In the climatic wind tunnel ventilation of the closed cockpit was optimized to such an extent that the R18 TDI will manage without air-conditioning at Le Mans. As this costs both weight and power the engineers were happy to exclude the use of such a system. The deposit of rain water or solid materials such as sand, rubber pick-up and stones was also simulated. "We made many valuable discoveries in this area on the full scale car in the climatic wind tunnel and modified several things and especially in the airflow area," says Dr. Martin Mühlmeier. "The reflective film on the roof was also validated with findings from the climatic wind tunnel. These are all important details to guarantee a good climate around the driver in the cockpit."
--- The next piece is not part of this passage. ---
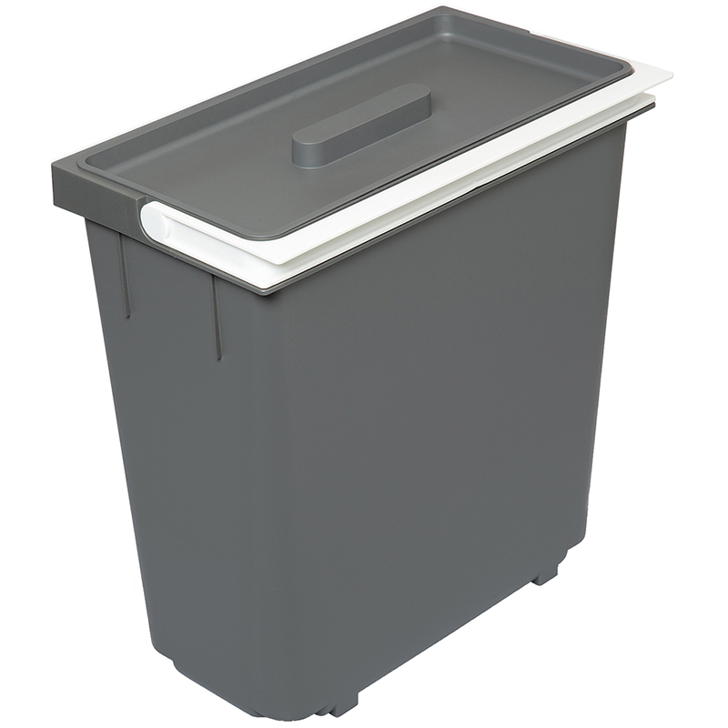 Plastique gris. Cette pièce de rechange est le récipient des modèles bas de la X-LINE de Müllex. Ce récipient de 15 litres avec couvercle assorti peut être utilisé pour collecter les matériaux à recycler et stocker les ustensiles de cuisine. Le conteneur s'intègre dans les ensembles X-LINE à partir d'une largeur de caisson de 600 mm. Récipient avec anse de support et couvercle.

The silver film helps to prevent the cockpit heating up too much due to the solar radiation. The Automobile Club de l’Ouest (ACO) regulations stipulate that the cockpit temperature must not exceed 32 degrees Celsius when driving if the maximum ambient temperature is 25 degrees. If it is warmer the cockpit temperature may climb by a maximum of seven degrees. The R18 TDI complies with these strict requirements thanks to extensive work in the climatic wind tunnel.
The new Le Mans sports car’s single-arm windscreen wiper was also developed in the Audi Wind Tunnel Center. "This subject is not as trivial as it would perhaps appear," says Dr. Martin Mühlmeier. "We do indeed have experience from the DTM. However, the windscreen wiper is hardly ever used here. Also, a DTM car reaches 250 km/h and not 330. The demands on the windscreen wiper are considerably higher at Le Mans."
Fogging and soiling of the complexly formed windscreen which, in contrast to a production car, is curved in not just one direction but two, is manufactured from plastic and was also tested in the climatic wind tunnel. The screen is heated to prevent fogging. For possible soiling a three-stage plan was developed which, subject to the level of soiling, allows for simple wiping, wiping with detergent or the removal of one of several layers of rip-off films.
Windscreen soiling is one of the concept specific disadvantages which a closed Le Mans sports car brings. However, as a result of work in the Audi climatic wind tunnel the disadvantages were minimized as much as possible.